====== DATA FOR REVIEW ======
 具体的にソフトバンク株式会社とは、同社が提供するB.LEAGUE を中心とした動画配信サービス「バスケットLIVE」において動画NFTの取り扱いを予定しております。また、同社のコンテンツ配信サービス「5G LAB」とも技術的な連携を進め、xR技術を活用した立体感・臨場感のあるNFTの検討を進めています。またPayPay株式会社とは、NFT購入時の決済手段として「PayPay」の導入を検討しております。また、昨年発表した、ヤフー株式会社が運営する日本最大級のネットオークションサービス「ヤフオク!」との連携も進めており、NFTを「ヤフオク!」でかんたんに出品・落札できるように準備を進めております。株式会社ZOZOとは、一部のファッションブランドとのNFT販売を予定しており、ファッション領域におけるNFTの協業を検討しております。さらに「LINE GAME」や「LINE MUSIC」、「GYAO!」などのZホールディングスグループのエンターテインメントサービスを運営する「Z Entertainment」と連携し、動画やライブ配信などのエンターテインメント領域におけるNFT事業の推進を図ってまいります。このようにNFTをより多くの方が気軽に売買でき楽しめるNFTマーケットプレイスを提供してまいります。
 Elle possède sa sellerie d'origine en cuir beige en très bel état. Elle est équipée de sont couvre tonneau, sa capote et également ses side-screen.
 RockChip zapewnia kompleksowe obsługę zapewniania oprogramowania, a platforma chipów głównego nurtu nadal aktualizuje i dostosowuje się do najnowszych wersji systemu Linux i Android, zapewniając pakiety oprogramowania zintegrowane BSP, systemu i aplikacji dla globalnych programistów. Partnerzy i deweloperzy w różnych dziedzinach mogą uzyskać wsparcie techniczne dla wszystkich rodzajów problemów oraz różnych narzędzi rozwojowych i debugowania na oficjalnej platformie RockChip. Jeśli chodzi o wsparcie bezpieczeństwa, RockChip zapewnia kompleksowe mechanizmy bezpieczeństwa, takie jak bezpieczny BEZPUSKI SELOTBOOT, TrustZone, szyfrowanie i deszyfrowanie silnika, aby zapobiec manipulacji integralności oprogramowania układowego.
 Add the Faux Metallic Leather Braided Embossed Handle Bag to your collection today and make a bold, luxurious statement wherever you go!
======
====== DATA FOR REVIEW ======
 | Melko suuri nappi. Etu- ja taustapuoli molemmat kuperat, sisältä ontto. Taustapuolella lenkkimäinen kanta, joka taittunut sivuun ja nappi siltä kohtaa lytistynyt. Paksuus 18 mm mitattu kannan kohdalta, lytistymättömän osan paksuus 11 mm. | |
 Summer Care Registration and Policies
======
====== DATA FOR REVIEW ======
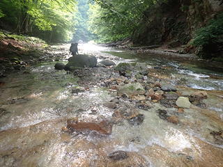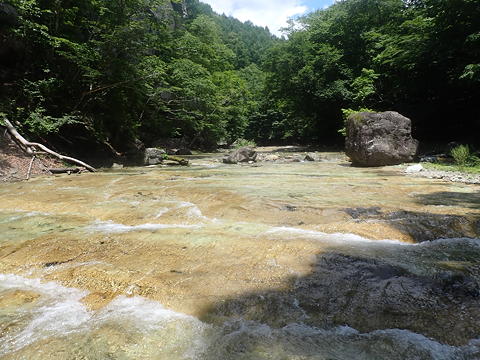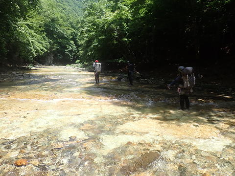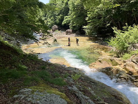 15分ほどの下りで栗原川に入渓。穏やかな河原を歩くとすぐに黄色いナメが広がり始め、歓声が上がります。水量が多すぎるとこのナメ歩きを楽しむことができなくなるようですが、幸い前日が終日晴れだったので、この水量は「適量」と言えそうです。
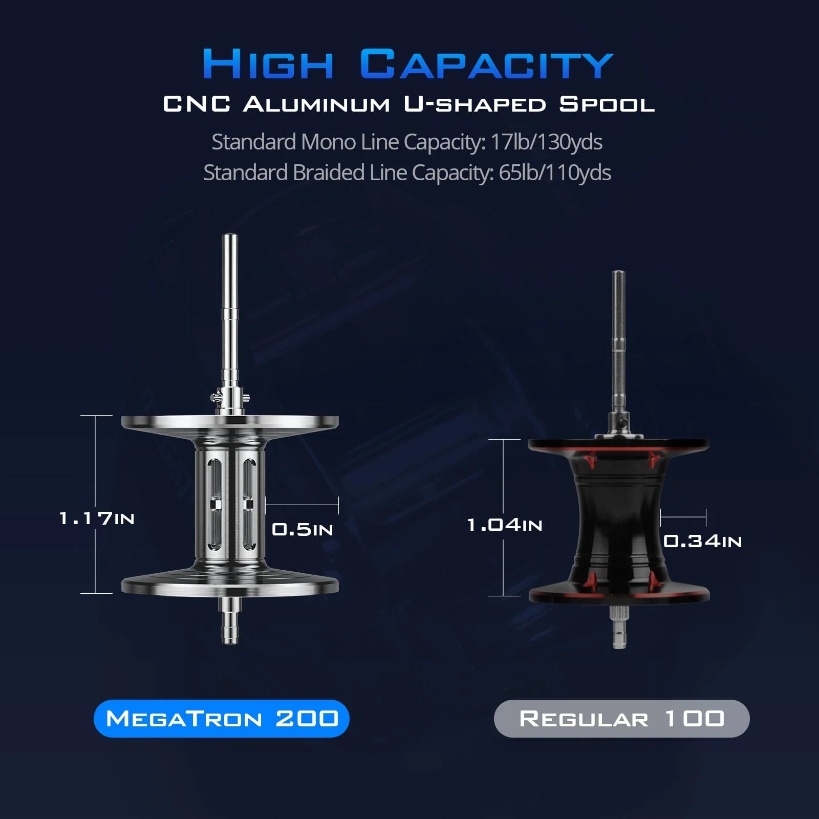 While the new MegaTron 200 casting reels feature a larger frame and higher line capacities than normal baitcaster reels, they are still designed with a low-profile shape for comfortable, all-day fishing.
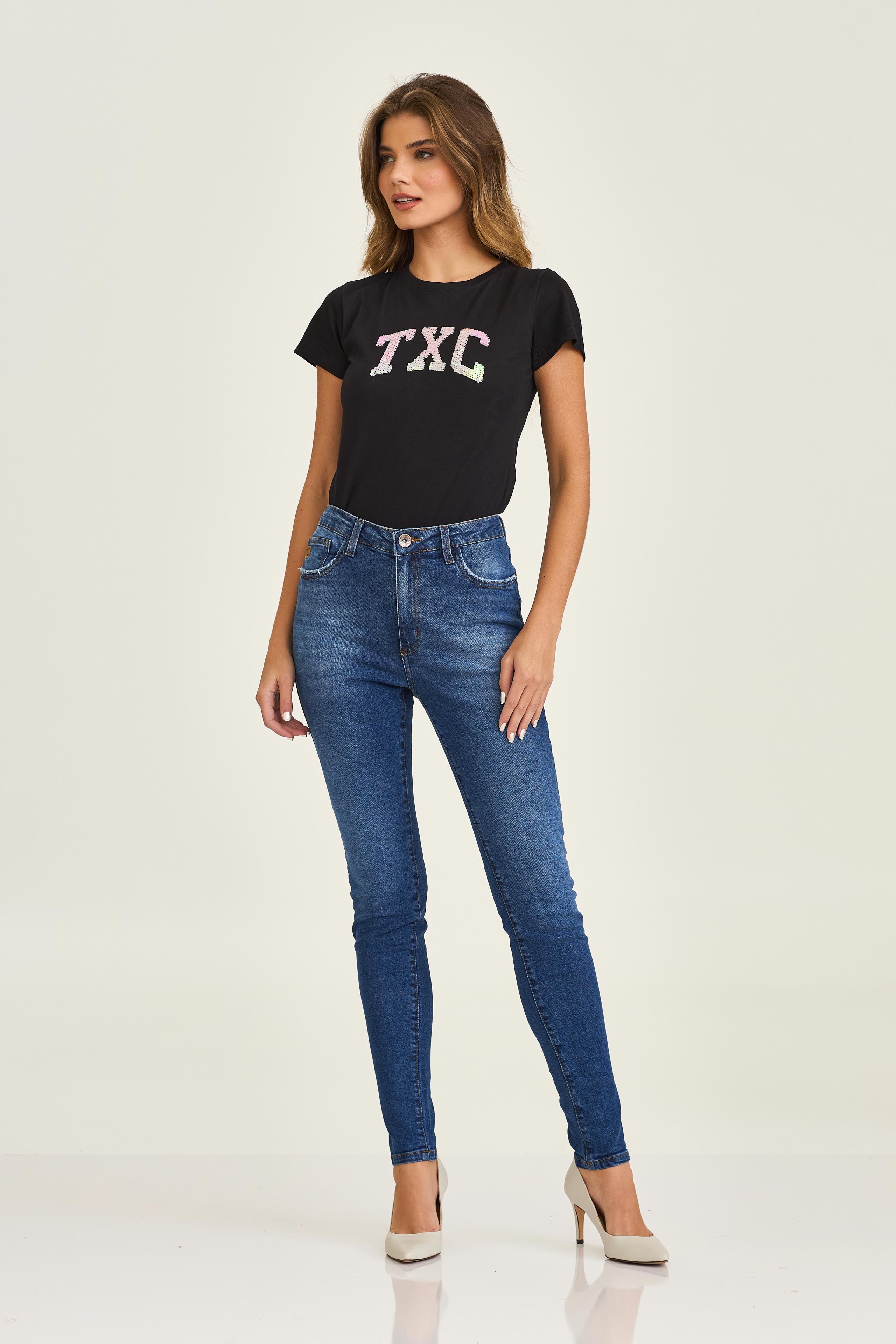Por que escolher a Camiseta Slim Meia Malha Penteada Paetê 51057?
======
### WHAT YOU NEED TO DO
Copy only what lies between the line with "While the new" and the line with "Por que escolher", those two lines included, exactly as given above; pictures stay out.

### EXERCISE RESPONSE
 While the new MegaTron 200 casting reels feature a larger frame and higher line capacities than normal baitcaster reels, they are still designed with a low-profile shape for comfortable, all-day fishing.
Por que escolher a Camiseta Slim Meia Malha Penteada Paetê 51057?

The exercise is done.